You signed in with another tab or window. Reload to refresh your session.You signed out in another tab or window. Reload to refresh your session.You switched accounts on another tab or window. Reload to refresh your session.Dismiss alert
lib/tasks/headline_voice.rake's verify task reports a Criterion 4 "concrete lead" failure when a headline doesn't match any of its regex patterns in the first 40 characters.
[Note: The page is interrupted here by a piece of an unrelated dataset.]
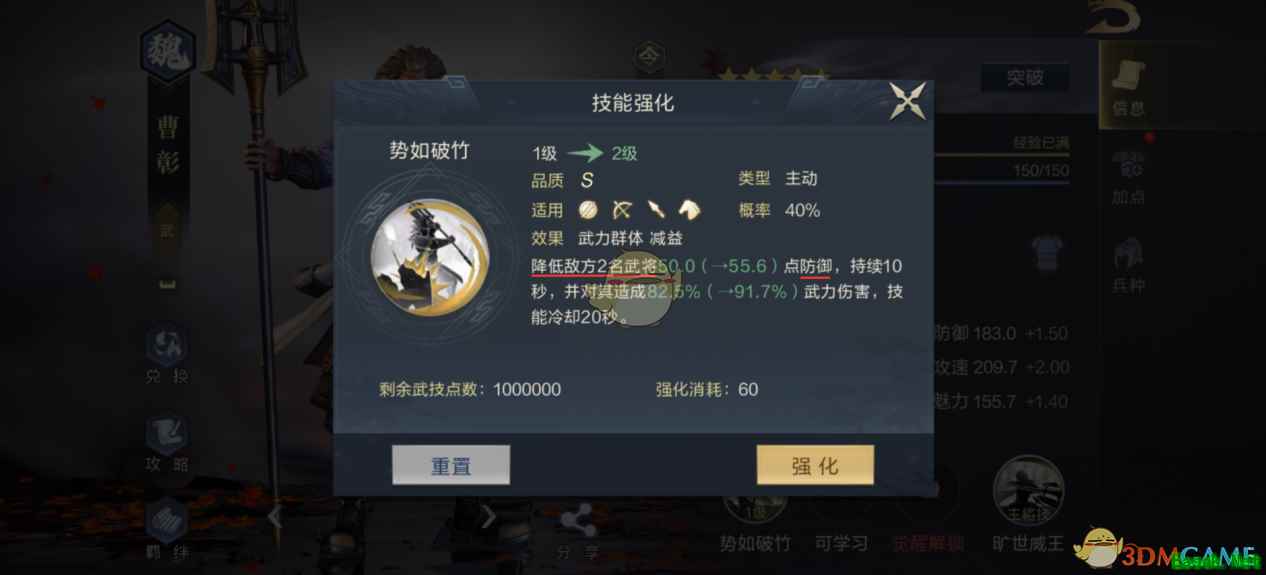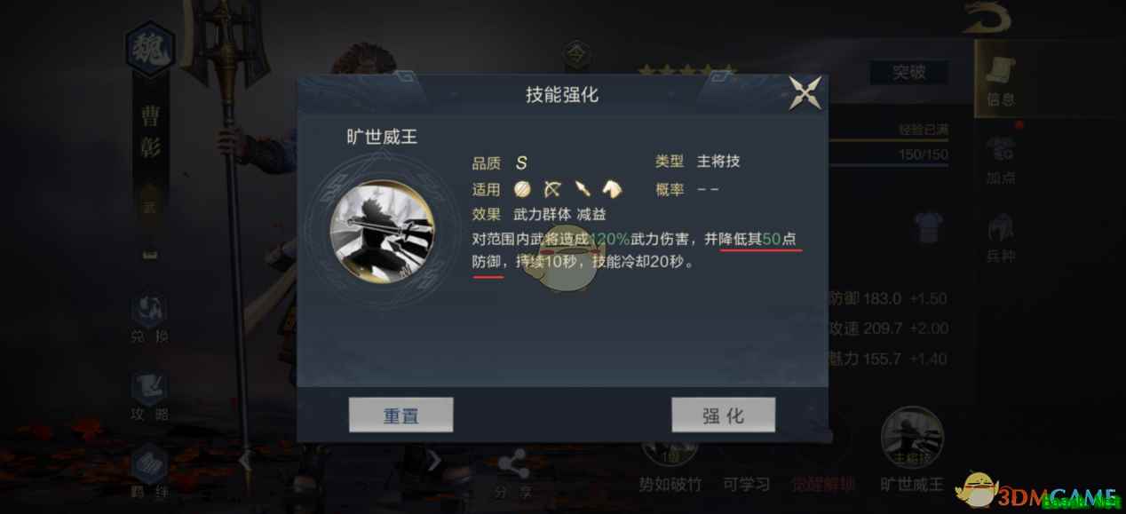 5、曹彰自带的专属技能为“势如破竹”,主动技。“势如破竹”能指定两名敌方武将,造成武力伤害的同时,削减敌方的防御,并且数值随着技能等级提升而增加。这使得曹彰成为一个无情的“减防机器”。配合主将技“旷世威王”,即便是盾系武将,在曹彰面前也会变成低防御的脆皮。

In the 2026-04-11 validation run against 56 homepage-eligible briefings, the rake task reported 26/56 concrete leads (below the 38/56 threshold) — but manual inspection of the 10 flagged headlines revealed that 7 of them are actually specific and well-written, and the regex is simply missing them.
Example false negatives
From the actual verification run:
"Two Rivers weighs ending two TIF districts early and putting up to $27,536 into motel/hotel upgrades" — the $27,536 appears past the 40-char window
"Harbor plan lists dredging, seawall rebuild, and a breakwater extension for 2027–2029 WisDOT funding" — "2027" appears past the 40-char window
"Construction signs: Council weighs a 30-day removal rule after work ends or before occupancy" — "30-day removal rule" is specific but the patterns only match years, ordinals, dollars, percentages
"Kay Koach honored; Tracey Koach appointed to the Plan Commission seat she held" — named people and named commission, but no pattern catches proper nouns
"Two PUD projects: St. Mark's Square amendment at 1110 Victory St, and Elite Builds housing plan at 3000 Forest Ave" — addresses and street names present, but "Victory" and "1110" aren't in the regex
"Council lined up votes to end TIF district 13 and 16 early; TIF district 16 value returns to tax rolls in 2027" — "Council lined up votes" doesn't match \bCouncil\s+(?:votes|picks) because "lined" is between them
Actual concrete-lead count on 2026-04-11 was closer to 53/56 (~95%), well above the 2/3 threshold. The verifier's threshold failure was misleading.
40-char window is too tight. A headline like "Two Rivers weighs ending two TIF districts early and putting up to \$27,536..." has its concrete detail at char 64+.
Missing pattern families: generic numeric specifics (30-day, 2,200 feet, Bump importmap-rails from 2.2.2 to 2.2.3 #3), proper nouns (Hamilton, St. Mark's, Kay Koach), named actions beyond "votes/picks" (weighs, picks, honored, lined up, reviews), full street-name library (only 6 streets currently, Two Rivers has dozens).
"Council lined up votes" regression: the pattern \bCouncil\s+(?:votes|picks) requires immediate adjacency, which misses any intervening verb or modifier.
Suggested fixes
Two paths, in order of preference:
Option A: Widen the regex set (cheap, low-risk)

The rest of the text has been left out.